Information given.
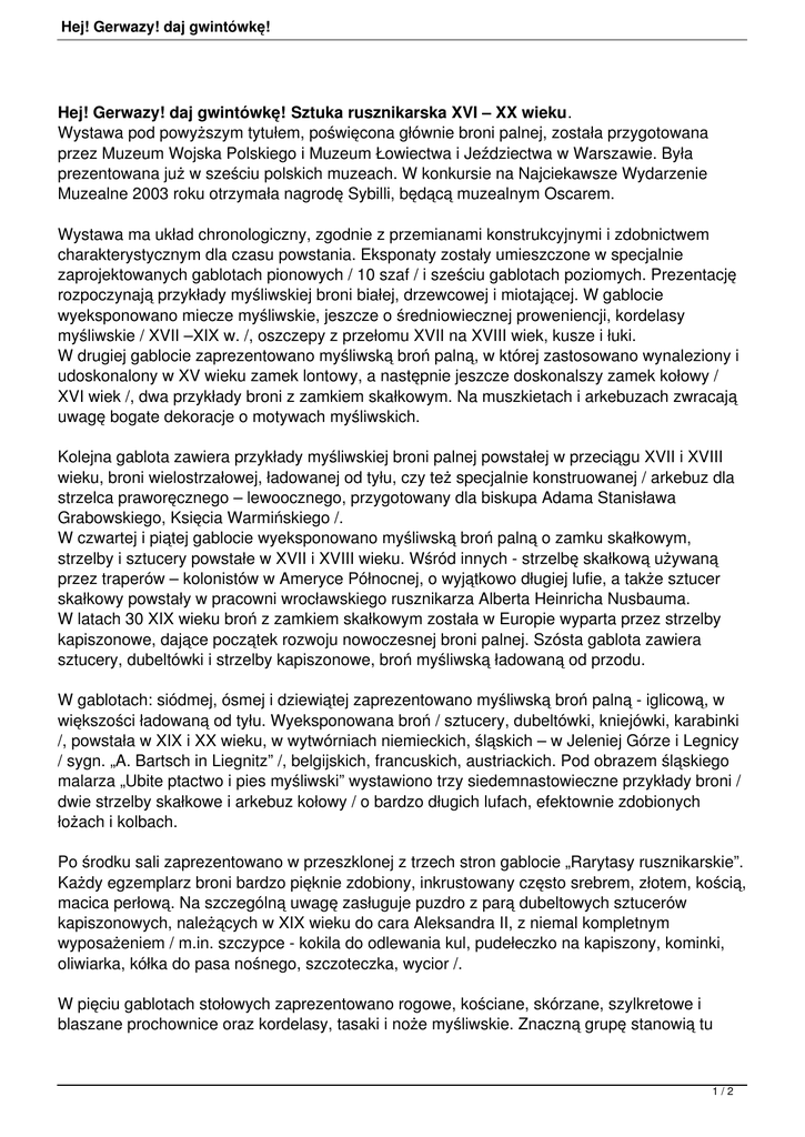 Hej! Gerwazy! daj gwintówkę! Hej! Gerwazy! daj gwintówkę! Sztuka rusznikarska XVI – XX wieku. Wystawa pod powyższym tytułem, poświęcona głównie broni palnej, została przygotowana przez Muzeum Wojska Polskiego i Muzeum Łowiectwa i Jeździectwa w Warszawie. Była prezentowana już w sześciu polskich muzeach. W konkursie na Najciekawsze Wydarzenie Muzealne 2003 roku otrzymała nagrodę Sybilli, będącą muzealnym Oscarem. Wystawa ma układ chronologiczny, zgodnie z przemianami konstrukcyjnymi i zdobnictwem charakterystycznym dla czasu powstania. Eksponaty zostały umieszczone w specjalnie zaprojektowanych gablotach pionowych / 10 szaf / i sześciu gablotach poziomych. Prezentację rozpoczynają przykłady myśliwskiej broni białej, drzewcowej i miotającej. W gablocie wyeksponowano miecze myśliwskie, jeszcze o średniowiecznej proweniencji, kordelasy myśliwskie / XVII –XIX w. /, oszczepy z przełomu XVII na XVIII wiek, kusze i łuki. W drugiej gablocie zaprezentowano myśliwską broń palną, w której zastosowano wynaleziony i udoskonalony w XV wieku zamek lontowy, a następnie jeszcze doskonalszy zamek kołowy / XVI wiek /, dwa przykłady broni z zamkiem skałkowym. Na muszkietach i arkebuzach zwracają uwagę bogate dekoracje o motywach myśliwskich. Kolejna gablota zawiera przykłady myśliwskiej broni palnej powstałej w przeciągu XVII i XVIII wieku, broni wielostrzałowej, ładowanej od tyłu, czy też specjalnie konstruowanej / arkebuz dla strzelca praworęcznego – lewoocznego, przygotowany dla biskupa Adama Stanisława Grabowskiego, Księcia Warmińskiego /. W czwartej i piątej gablocie wyeksponowano myśliwską broń palną o zamku skałkowym, strzelby i sztucery powstałe w XVII i XVIII wieku. Wśród innych - strzelbę skałkową używaną przez traperów – kolonistów w Ameryce Północnej, o wyjątkowo długiej lufie, a także sztucer skałkowy powstały w pracowni wrocławskiego rusznikarza Alberta Heinricha Nusbauma. W latach 30 XIX wieku broń z zamkiem skałkowym została w Europie wyparta przez strzelby kapiszonowe, dające początek rozwoju nowoczesnej broni palnej. Szósta gablota zawiera sztucery, dubeltówki i strzelby kapiszonowe, broń myśliwską ładowaną od przodu. W gablotach: siódmej, ósmej i dziewiątej zaprezentowano myśliwską broń palną - iglicową, w większości ładowaną od tyłu. Wyeksponowana broń / sztucery, dubeltówki, kniejówki, karabinki /, powstała w XIX i XX wieku, w wytwórniach niemieckich, śląskich – w Jeleniej Górze i Legnicy / sygn. „A. Bartsch in Liegnitz” /, belgijskich, francuskich, austriackich. Pod obrazem śląskiego malarza „Ubite ptactwo i pies myśliwski” wystawiono trzy siedemnastowieczne przykłady broni / dwie strzelby skałkowe i arkebuz kołowy / o bardzo długich lufach, efektownie zdobionych łożach i kolbach. Po środku sali zaprezentowano w przeszklonej z trzech stron gablocie „Rarytasy rusznikarskie”. Każdy egzemplarz broni bardzo pięknie zdobiony, inkrustowany często srebrem, złotem, kością, macica perłową. Na szczególną uwagę zasługuje puzdro z parą dubeltowych sztucerów kapiszonowych, należących w XIX wieku do cara Aleksandra II, z niemal kompletnym wyposażeniem / m.in. szczypce - kokila do odlewania kul, pudełeczko na kapiszony, kominki, oliwiarka, kółka do pasa nośnego, szczoteczka, wycior /. W pięciu gablotach stołowych zaprezentowano rogowe, kościane, skórzane, szylkretowe i blaszane prochownice oraz kordelasy, tasaki i noże myśliwskie. Znaczną grupę stanowią tu 1/2 Hej! Gerwazy! daj gwintówkę! prochownice z angielskich i francuskich wytwórni. Wśród kordelasów zwraca uwagę kordelas myśliwski z pistoletem kapiszonowym i kordelas należący do marszałka Edwarda Rydza – Śmigłego. Prezentacji broni myśliwskiej towarzyszy katalog wystawy i płyta CD z ilustracjami i tekstami Romana Matuszewskiego oraz Stefana Olecha, którzy są autorami ekspozycji. Łucja Wojtasik - Seredyszyn Otwarcie wystawy - 03.09.2004 Komisarz wystawy - Łucja Wojtasik - Seredyszyn Autorzy wystawy - Roman Matuszewski z Muzeum Wojska Polskiego w Warszawie i Stefan Olech z Muzeum Łowiectwa i Jeździectwa w Warszawie Czynna do - 09.01.2005 2/2
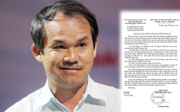 Ngày 27-4, Chủ tịch Liên đoàn Bóng đá Việt Nam (VFF) kiêm Trưởng tiểu ban nhân sự đại hội khóa VIII đã ký công văn gửi tới các ủy viên Ban chấp hành, thông báo về kết quả tổng hợp ý kiến về việc bỏ tiêu chí "ứng viên chủ tịch, phó chủ tịch" phải có bằng đại học.
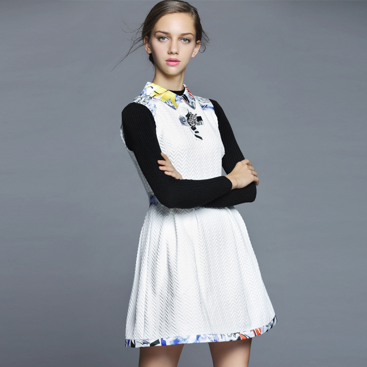 歐洲站2015冬裝新款圓領(lǐng)拉鏈長袖刺繡收腰修身連衣裙打底裙 /
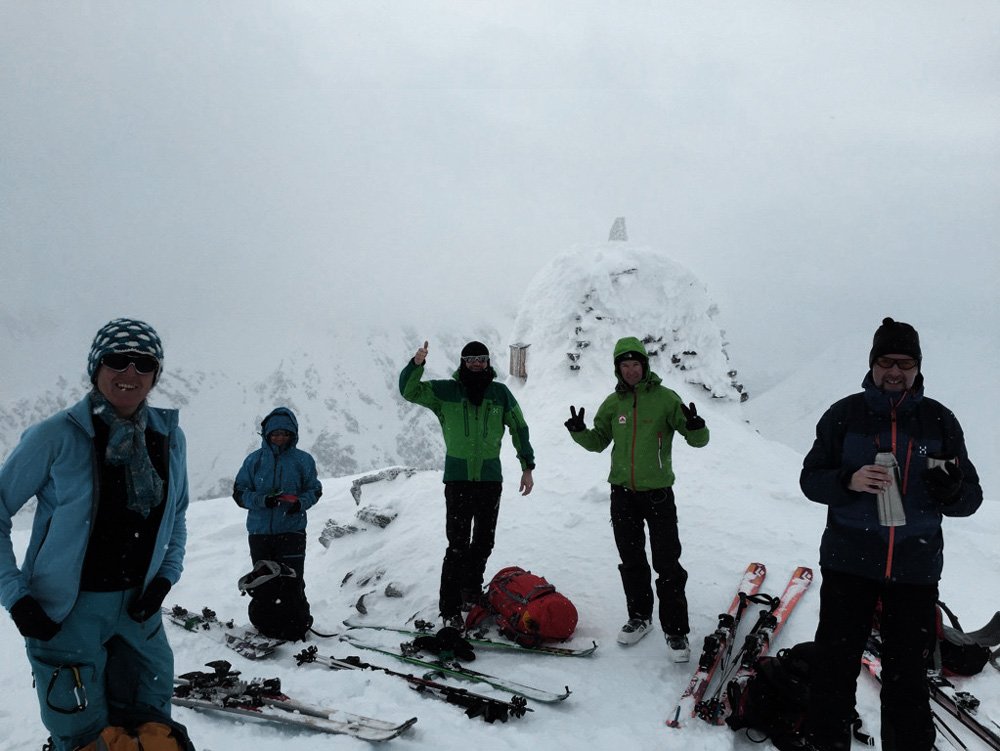 Angekommen bei der Hütte machten wir eine kurze Rast und stärkten uns mit dem in der Lodge zubereiteten Lunchpaket. Bei idealem windgepressten Pulverschnee wählte Stefan über den Osthang die perfekte Aufstiegsspur in dem zwischen 30° und 35° steilen Gipfelhang. Nach einer Gehzeit von 3,5 Stunden und 1.150 Höhenmeter mehr in den Beinen erreichten wir den Gipfel. Der Ausblick, die Sonne, die Ruhe ließen sofort alle Mühen vergessen und belohnten uns für den Aufstieg. Nach einem einstündigen Auffrischungskurs in der Lawinenkunde stiegen wir noch einemal ca. 100 Hm auf um eine gute Abfahrtslinie zu bekommen. Es war eine absolute Traumabfahrt, die uns wirklich alle für die Anstrengungen des Aufstiegs belohnte!
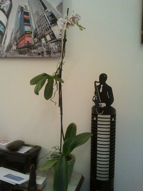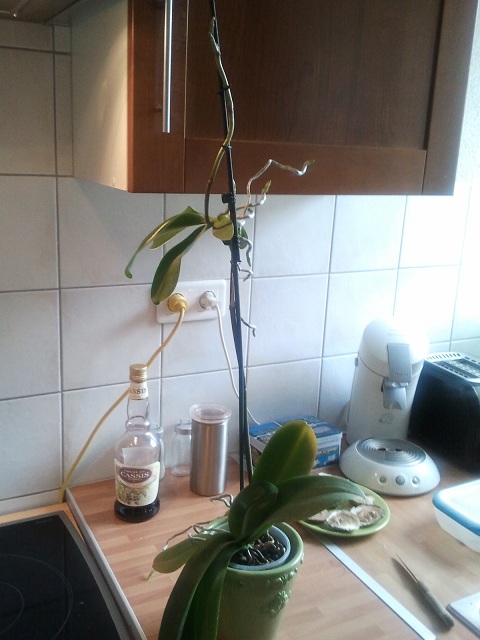 Et donc maintenant qu'il est bien en forme, ô surprise, une nouvelle hampe pousse et fait déjà 10 cms. Je crois qu'il est trop tard pour couper et mon soucis le voilà :
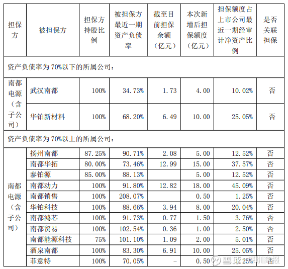 日前,南都电源(300068)发布公告称,公司及子公司提供担保额度超过最近一期经审计净资产100%、对资产负债率超过70%的单位担保额度超过公司最近一期经审计净资产50%,均为对子公司及控股子公司的担保。
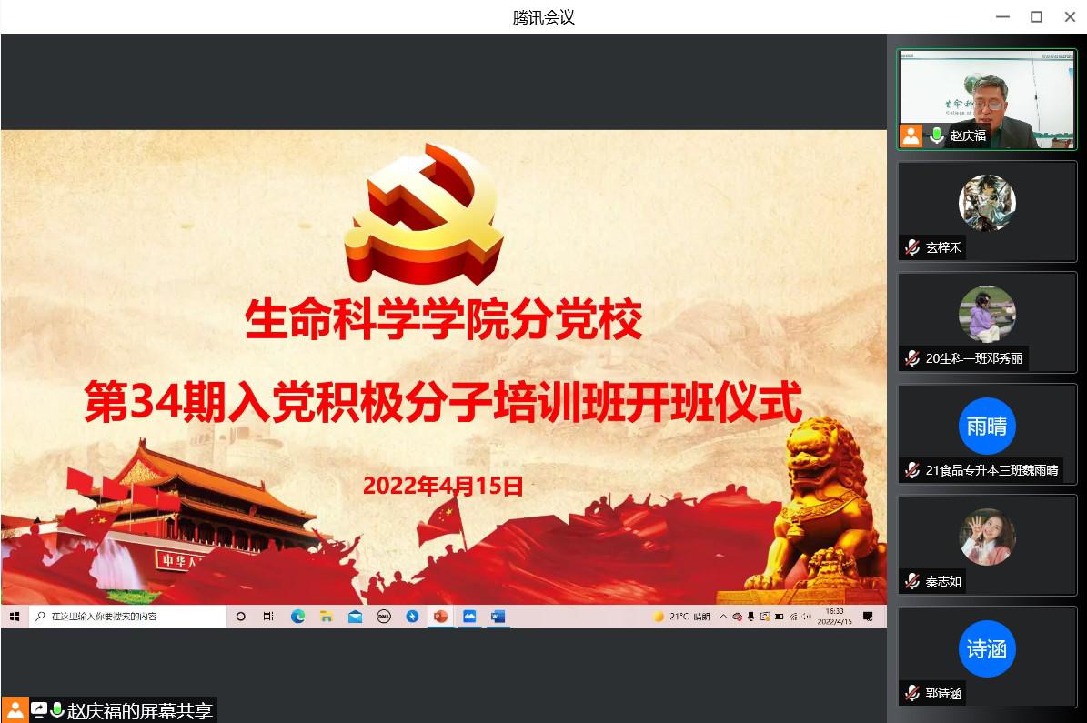 4月15日,365上市公司党委书记赵庆福通过腾讯会议主持召开了第34期入党积极分子培训班开班仪式。会上,赵书记对本次培训的指导思想、培训对象、培训目的、培训内容及考核方式进行了详细解读和具体阐述,并对学员们提出了两点要求,一是要珍惜此次培训机会,系统学习党的知识,了解党的政策、理论、方针、路线;二是按时上课、认真学习,为未来成为一名合格的共产党员打下坚实的基础。

Try it.
What is needed is a verbatim copy of every entry, with the pictures omitted.

The answer.
 Hej! Gerwazy! daj gwintówkę! Hej! Gerwazy! daj gwintówkę! Sztuka rusznikarska XVI – XX wieku. Wystawa pod powyższym tytułem, poświęcona głównie broni palnej, została przygotowana przez Muzeum Wojska Polskiego i Muzeum Łowiectwa i Jeździectwa w Warszawie. Była prezentowana już w sześciu polskich muzeach. W konkursie na Najciekawsze Wydarzenie Muzealne 2003 roku otrzymała nagrodę Sybilli, będącą muzealnym Oscarem. Wystawa ma układ chronologiczny, zgodnie z przemianami konstrukcyjnymi i zdobnictwem charakterystycznym dla czasu powstania. Eksponaty zostały umieszczone w specjalnie zaprojektowanych gablotach pionowych / 10 szaf / i sześciu gablotach poziomych. Prezentację rozpoczynają przykłady myśliwskiej broni białej, drzewcowej i miotającej. W gablocie wyeksponowano miecze myśliwskie, jeszcze o średniowiecznej proweniencji, kordelasy myśliwskie / XVII –XIX w. /, oszczepy z przełomu XVII na XVIII wiek, kusze i łuki. W drugiej gablocie zaprezentowano myśliwską broń palną, w której zastosowano wynaleziony i udoskonalony w XV wieku zamek lontowy, a następnie jeszcze doskonalszy zamek kołowy / XVI wiek /, dwa przykłady broni z zamkiem skałkowym. Na muszkietach i arkebuzach zwracają uwagę bogate dekoracje o motywach myśliwskich. Kolejna gablota zawiera przykłady myśliwskiej broni palnej powstałej w przeciągu XVII i XVIII wieku, broni wielostrzałowej, ładowanej od tyłu, czy też specjalnie konstruowanej / arkebuz dla strzelca praworęcznego – lewoocznego, przygotowany dla biskupa Adama Stanisława Grabowskiego, Księcia Warmińskiego /. W czwartej i piątej gablocie wyeksponowano myśliwską broń palną o zamku skałkowym, strzelby i sztucery powstałe w XVII i XVIII wieku. Wśród innych - strzelbę skałkową używaną przez traperów – kolonistów w Ameryce Północnej, o wyjątkowo długiej lufie, a także sztucer skałkowy powstały w pracowni wrocławskiego rusznikarza Alberta Heinricha Nusbauma. W latach 30 XIX wieku broń z zamkiem skałkowym została w Europie wyparta przez strzelby kapiszonowe, dające początek rozwoju nowoczesnej broni palnej. Szósta gablota zawiera sztucery, dubeltówki i strzelby kapiszonowe, broń myśliwską ładowaną od przodu. W gablotach: siódmej, ósmej i dziewiątej zaprezentowano myśliwską broń palną - iglicową, w większości ładowaną od tyłu. Wyeksponowana broń / sztucery, dubeltówki, kniejówki, karabinki /, powstała w XIX i XX wieku, w wytwórniach niemieckich, śląskich – w Jeleniej Górze i Legnicy / sygn. „A. Bartsch in Liegnitz” /, belgijskich, francuskich, austriackich. Pod obrazem śląskiego malarza „Ubite ptactwo i pies myśliwski” wystawiono trzy siedemnastowieczne przykłady broni / dwie strzelby skałkowe i arkebuz kołowy / o bardzo długich lufach, efektownie zdobionych łożach i kolbach. Po środku sali zaprezentowano w przeszklonej z trzech stron gablocie „Rarytasy rusznikarskie”. Każdy egzemplarz broni bardzo pięknie zdobiony, inkrustowany często srebrem, złotem, kością, macica perłową. Na szczególną uwagę zasługuje puzdro z parą dubeltowych sztucerów kapiszonowych, należących w XIX wieku do cara Aleksandra II, z niemal kompletnym wyposażeniem / m.in. szczypce - kokila do odlewania kul, pudełeczko na kapiszony, kominki, oliwiarka, kółka do pasa nośnego, szczoteczka, wycior /. W pięciu gablotach stołowych zaprezentowano rogowe, kościane, skórzane, szylkretowe i blaszane prochownice oraz kordelasy, tasaki i noże myśliwskie. Znaczną grupę stanowią tu 1/2 Hej! Gerwazy! daj gwintówkę! prochownice z angielskich i francuskich wytwórni. Wśród kordelasów zwraca uwagę kordelas myśliwski z pistoletem kapiszonowym i kordelas należący do marszałka Edwarda Rydza – Śmigłego. Prezentacji broni myśliwskiej towarzyszy katalog wystawy i płyta CD z ilustracjami i tekstami Romana Matuszewskiego oraz Stefana Olecha, którzy są autorami ekspozycji. Łucja Wojtasik - Seredyszyn Otwarcie wystawy - 03.09.2004 Komisarz wystawy - Łucja Wojtasik - Seredyszyn Autorzy wystawy - Roman Matuszewski z Muzeum Wojska Polskiego w Warszawie i Stefan Olech z Muzeum Łowiectwa i Jeździectwa w Warszawie Czynna do - 09.01.2005 2/2
 Ngày 27-4, Chủ tịch Liên đoàn Bóng đá Việt Nam (VFF) kiêm Trưởng tiểu ban nhân sự đại hội khóa VIII đã ký công văn gửi tới các ủy viên Ban chấp hành, thông báo về kết quả tổng hợp ý kiến về việc bỏ tiêu chí "ứng viên chủ tịch, phó chủ tịch" phải có bằng đại học.
 歐洲站2015冬裝新款圓領(lǐng)拉鏈長袖刺繡收腰修身連衣裙打底裙 /
 Angekommen bei der Hütte machten wir eine kurze Rast und stärkten uns mit dem in der Lodge zubereiteten Lunchpaket. Bei idealem windgepressten Pulverschnee wählte Stefan über den Osthang die perfekte Aufstiegsspur in dem zwischen 30° und 35° steilen Gipfelhang. Nach einer Gehzeit von 3,5 Stunden und 1.150 Höhenmeter mehr in den Beinen erreichten wir den Gipfel. Der Ausblick, die Sonne, die Ruhe ließen sofort alle Mühen vergessen und belohnten uns für den Aufstieg. Nach einem einstündigen Auffrischungskurs in der Lawinenkunde stiegen wir noch einemal ca. 100 Hm auf um eine gute Abfahrtslinie zu bekommen. Es war eine absolute Traumabfahrt, die uns wirklich alle für die Anstrengungen des Aufstiegs belohnte!
 Et donc maintenant qu'il est bien en forme, ô surprise, une nouvelle hampe pousse et fait déjà 10 cms. Je crois qu'il est trop tard pour couper et mon soucis le voilà :
 日前,南都电源(300068)发布公告称,公司及子公司提供担保额度超过最近一期经审计净资产100%、对资产负债率超过70%的单位担保额度超过公司最近一期经审计净资产50%,均为对子公司及控股子公司的担保。
 4月15日,365上市公司党委书记赵庆福通过腾讯会议主持召开了第34期入党积极分子培训班开班仪式。会上,赵书记对本次培训的指导思想、培训对象、培训目的、培训内容及考核方式进行了详细解读和具体阐述,并对学员们提出了两点要求,一是要珍惜此次培训机会,系统学习党的知识,了解党的政策、理论、方针、路线;二是按时上课、认真学习,为未来成为一名合格的共产党员打下坚实的基础。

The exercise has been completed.